Production Ready! All core features are implemented and working. The application provides full RAG-powered semantic search with interactive transcript playback.
- RSS Feed Management: Subscribe to podcasts via RSS with automatic episode discovery
- Episode Import: Extracts metadata, cover art, and audio following PSP-1 spec
- Daily Refresh: Automatically checks for new episodes
- Background Jobs: Solid Queue handles imports, transcription, and scheduled tasks
- Automatic Transcription: Self-hosted Whisper generates timestamped JSON transcripts
- Transcript Chunking: Automatically segments transcripts into searchable chunks
- Vector Embeddings: Generates semantic embeddings using sentence-transformers
- Ad Detection: LLM-powered advertisement detection with confidence scores
- Flexible Pipeline: Composable processing steps (download → transcribe → chunk → detect ads → embed)
- Semantic Search: Vector similarity search using SQLite with neighbor gem
- RAG (Retrieval Augmented Generation): LLM generates answers with citations
- Local LLM Integration: Works with Ollama (qwen2.5:7b, llama3.2, etc.)
- LLM Tool Calling: AI can request additional context when needed (up to 3 iterations)
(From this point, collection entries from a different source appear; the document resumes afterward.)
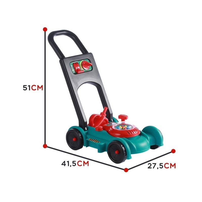 Udana zabawa na świeżym powietrzu może być jeszcze bardziej ciekawa i atrakcyjna, dzięki zabawkowej kosiarce. Dziecko, aby włączyć kosiarkę musi pociągnąć żyłkę do naciągania, która wydaje charakterystyczny warkoczący odgłos. Zabawka nie tylko nauczy dziecko, jak dbać o trawnik, ale rozweseli najmłodszych i wywoła szczery uśmiech dzięki kolorowym kuleczką, które wesoło brykają podczas jazdy. Kosiarka posiada koła, które z łatwością będą pokonywać wyznaczoną przez dziecko trasę. Idealny zestaw do naśladowania swojego rodzica!
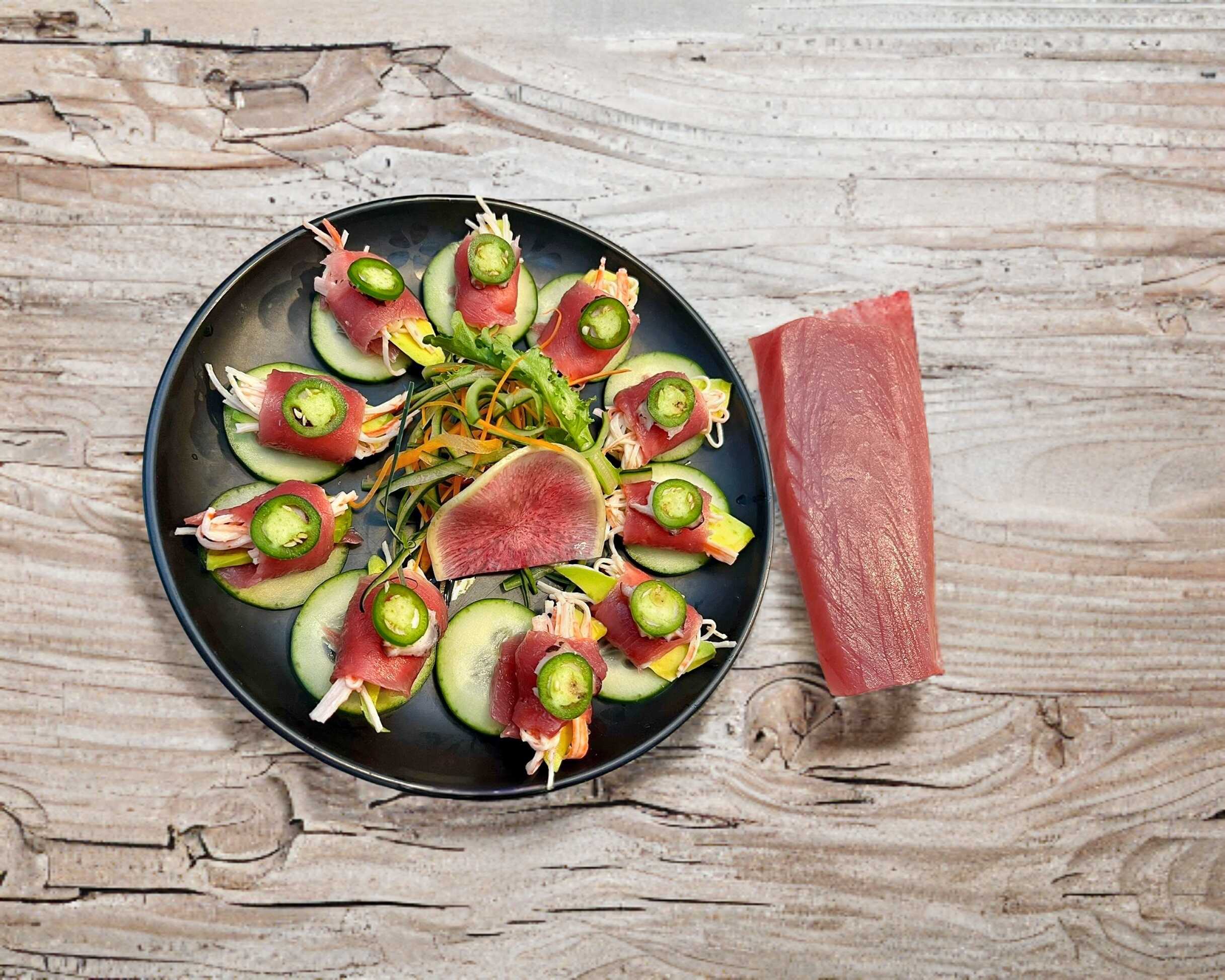 10 piezas de laminas de pescado rellenos de cangrejo con aguacate, serrano y pulpo.
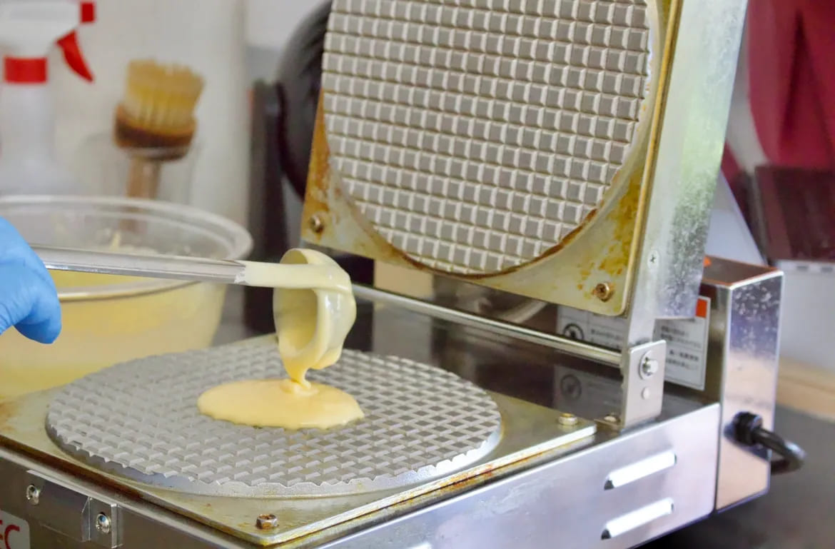 看板メニューは「ソフトクリーム」(ミニサイズ 250円~、 大サイズ420円)。お店自慢のワッフルコーンは大衡村で作られた米粉を使用し、粉の製造から生地づくり、焼き上げまで店内で行っています。米粉ならではの軽やかでサクッとした食感、噛むほどに広がるほのかな甘みと香ばしさにファンも多い一品です。

- Weighted Search Results: Title matches boosted 3x, descriptions 2x for better relevance
- Context-Aware Search: Search within episode, podcast, or across all podcasts
- Inline Search Results: Turbo-powered search with loading indicators
- CLI Query Tool: Command-line interface for querying transcripts
- Live Transcript Highlighting: Synchronized with audio playback
- Click-to-Seek: Click any transcript chunk to jump to that timestamp
- Search Result Navigation: Click search results to jump directly to relevant audio
- HTTP Range Requests: Efficient audio seeking without buffering entire file
- Dual Highlight Modes: Different styles for navigation vs playback tracking
- Smart Scrolling: Auto-scroll transcript without interfering with page navigation
- Web Interface: Modern Bootstrap 5 UI with Hotwire/Turbo
- Audio Player: HTML5 player with timestamp deep linking
- Search UI: Contextual search boxes embedded in relevant pages
- Responsive Design: Works on desktop and mobile
- Advanced Search Features: Filter by date, podcast, keywords
- Search History: Track and revisit previous searches
- Saved Searches: Bookmark frequently used queries
- Episode Cross-Linking: Discover related episodes and topics
- Speaker Diarization: Identify different speakers in episodes
- Multi-Language Support: Transcribe and search non-English podcasts
- Export Features: Export transcripts, search results, or citations
- API Access: RESTful API for programmatic access
- Docker Deployment: One-command deployment with Docker Compose
- Find specific discussions or topics across hundreds of episodes
- Research what multiple podcasts have said about a particular subject
- Build a personal, searchable podcast knowledge base
- Discover connections between episodes and topics
- Jump directly to relevant moments in podcast episodes
- Follow along with transcripts synchronized to audio playback
- Backend: Ruby on Rails 8
- Database: SQLite with vector search (neighbor + sqlite-vec)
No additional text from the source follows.